If we take a look at the classifications used in the example shown in figure 4–5, it also becomes apparent that effective cause-effect analysis requires the gathering together of expertise from a wide range of subject areas. This applies not just to multi-systems like aircraft; it also applies to software defects where we might want to involve different stakeholders and people with specific software development or testing expertise (e.g., in evaluating security threats).

Note that in figure 4–5 the standard classifications we looked at earlier have served us well in the initial structuring of the cause-effect diagram. Taking the generic classifications as a starting point, the first step has been to replace some of them with more appropriate groupings. In this example, the generic classification “people” has been renamed “aircrew” and the generic “methods” classification has been replaced by “standards & procedures.” As a next step in structuring the information, the generic classification “management” has been removed and the “software” grouping has been added. We have identified the aspects “configurations,” “test results,” and “test coverage” as potential root causes worthy of analysis, and these have been added to the software “bone” on the diagram.

These are typical decisions that might be made in the initial rounds of gathering information. Remember, these are all just initial steps in the iterative process of gathering, structuring, and analyzing information with a view to finding root causes. At this stage, the fishbone diagram is still high-level.

Mind Maps

As we noted earlier, gathering and organizing information are important steps that allow root-cause analysis to be conducted effectively. The strength of mind maps is the relative ease with which associations between different potential causes can be developed and shown diagrammatically. Mind maps are especially useful for showing the “big picture” and for supporting workshops and brain-storming sessions, especially if tools are used. The following diagram shows a mind map for the in-flight emergency example. It was created using the Mind-Manager tool [URL: MMP].

Figure 4–6 Cause-effect analysis using mind maps

Generally speaking, mind maps place the subject (i.e., defect or incident) in a central position and show the main subject areas as branches radiating away from the subject with increasing levels of detail. Used this way, they essentially provide the same information as an Ishikawa diagram but just capture it differently. Mind maps are generally easy to use and several tools (including freeware) are available.

System Models

Any model of the system or parts of the system can be of use in performing causal analysis and identifying test process improvements. Some of these models will be familiar to test analysts; they are often created when designing test cases and frequently detect defects in the specification being used (e.g., requirements). The models developed or used by the test analyst when applying specification-based test design techniques can also be of use when considering the root causes of defects. Why did particular defects get through the net? Where could we tighten up the test design process in order to avoid failures like this in the future? These are among the questions that the system models used in test design can help us to answer. The following models are the most useful to consider here:

State transition diagrams

Decision tables

Developers may also create models that can be used for causal analysis, such as, for example, the following:

Use-case descriptions

UML diagrams (e.g., activity diagrams, sequence diagrams)

Data-flow diagrams

Note that the models referred to here will help mainly in the root-cause analysis of particular failures. To enable test process improvements to be identified, it will generally be required to consider several of these individual evaluations and then form a consolidated conclusion.

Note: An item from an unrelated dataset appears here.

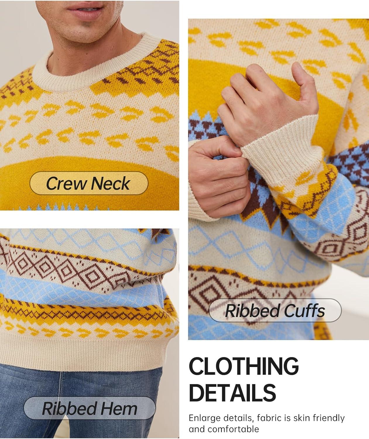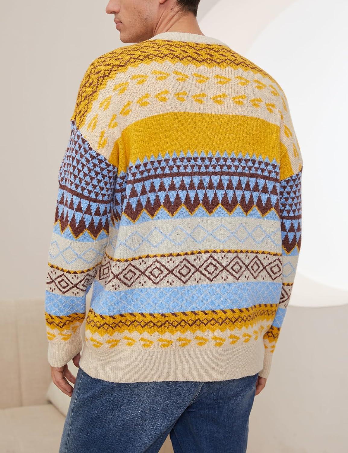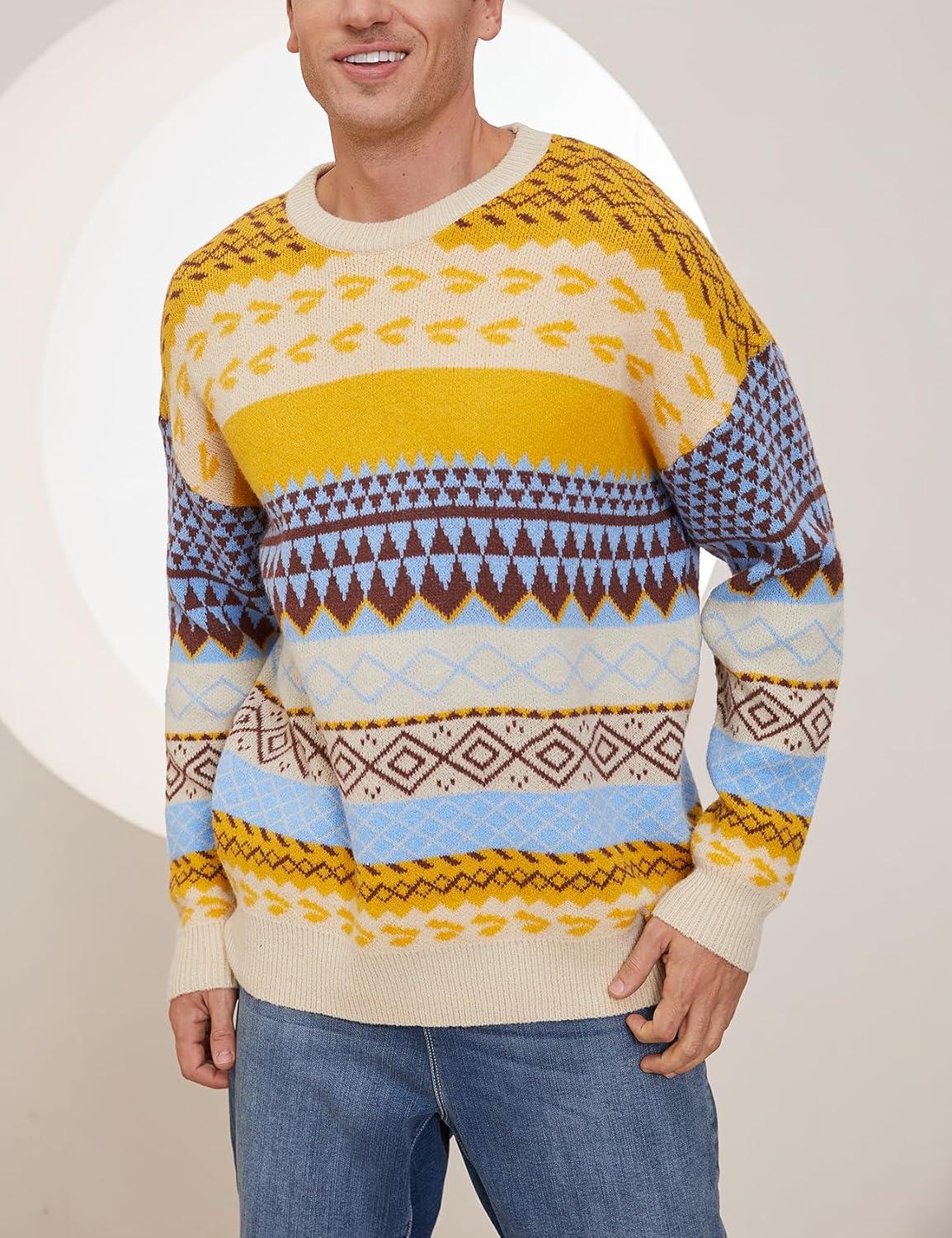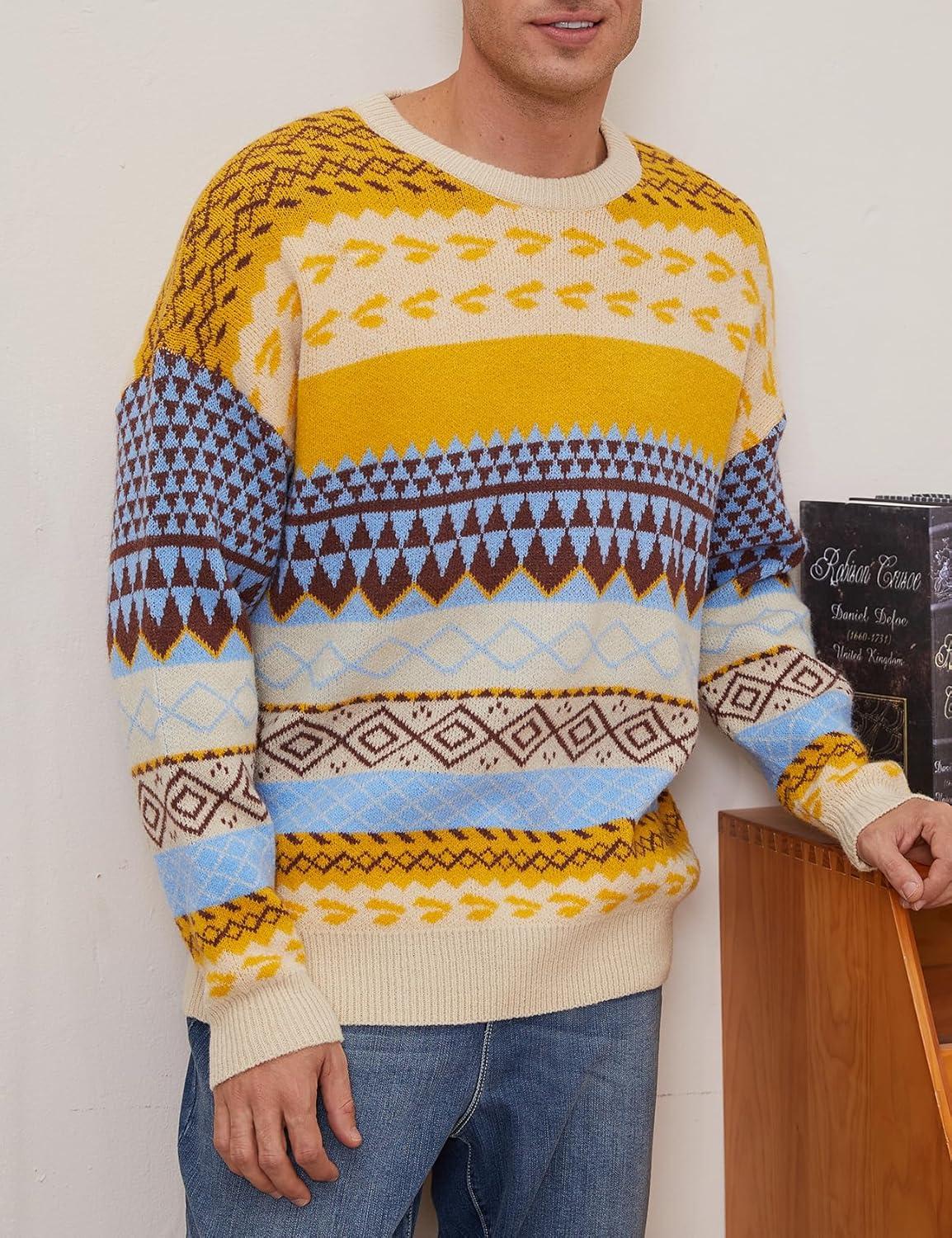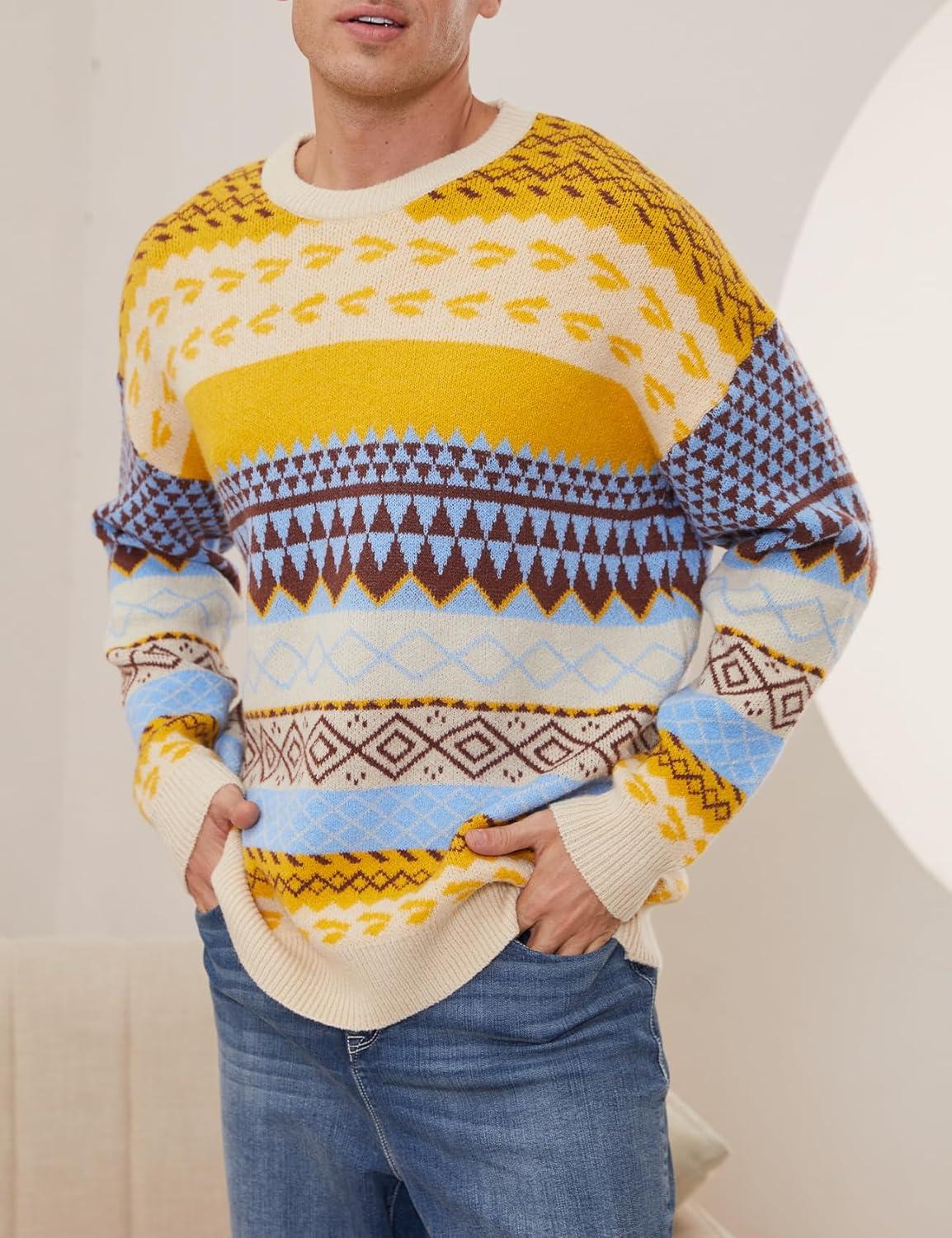 Arssm Mens Vintage Sweater Grandpa Oversized Cable Knit Crewneck Pullovers Casual Long Sleeve Striped Sweater(Yellow)
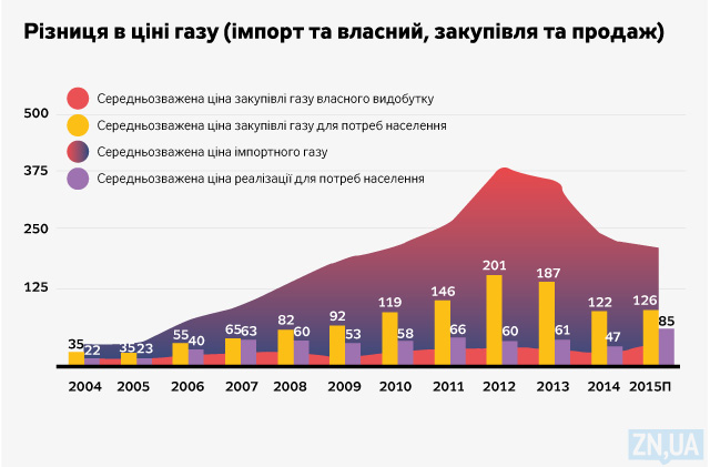 1. Разница между ценой реализации газа для населения и ТКЭ и ценой его покупки. В 2010–2013 гг. эта разница была особенно большой из-за завышенной цены российского газа - 2–4 млрд долл. в год. Кроме того, эта разница далеко не всегда вовремя покрывалась государством. Например, на начало 2015-го еще оставался объем непокрытой разницы за прошлые годы. Он зафиксирован в гривне по старому курсу. Когда и по какому курсу компания получит эти деньги, вопрос, очевидно, не к нам. В 2014 г. "Нафтогаз" понес 28 млрд грн убытков от реализации газа населению и ТКЭ ниже цены закупки, в первом квартале 2015 г. - 10,5 млрд грн.

In addition the the models mentioned, the creation of systems diagrams (see Quality Software Management, Volume 1 [Weinberg 1992]) can be useful in helping to identify process problems, including those relating to testing. The construction of these diagrams involves the identification of system elements and the flow of information between them (see section 4.2.5).

Responsibilities

Remember, in this book we are focusing mainly on the causes of defects with a view to identifying possible test process improvements. Depending on the nature of the defect, the task of conducting root-cause analysis may be either our own responsibility as test process improvers or allocated to another person (e.g., a line manager) who might take a different focus. This is particularly the case, for example, where the consequences of the defect have been catastrophic and/or when legal or contractual issues are involved.

Other Uses

The types of diagram discussed in this section may also be used for other purposes than test process improvement. In risk management, for example, Ishikawa diagrams may be used to analyze the potential risks of high-impact failures. In this case, the individual risks that may lead to the failure are grouped and the likelihood of them occurring added to the diagram. We can then multiply the individual likelihoods in a potential chain of events to get the total likelihood of the failure occurring for that chain. In addition to showing risk likelihood, the diagrams may show whether a path can actually be defined that leads to the failure (i.e., “can this failure actually occur?”). This can be a particularly useful approach when analyzing safety-critical systems.

Organizing the Information: Summary of Benefits

The diagrams we have covered provide the following general benefits:

They allow information to be gathered and communicated relating to the potential causes of specific defects.

Standard classifications of causes can help to structure the information and support the thorough consideration of defect causes.

Different forms of visualization help to show potentially complex cause-effect interactions.

4.2.3 Identifying Root Causes

Once the information about defects has been gathered and organized, you can proceed with the next activity, the task of identifying the root causes. Now, you may be thinking that you can do the information gathering and analysis simultaneously. Certainly, when you gather information about possible root causes you unavoidably start to think about the root causes. You should note these initial thoughts down for later. At this stage, though, it’s better not to focus on root-cause identification straight away. If you try to gather information and analyze simultaneously, you run the risks discussed in the following paragraphs.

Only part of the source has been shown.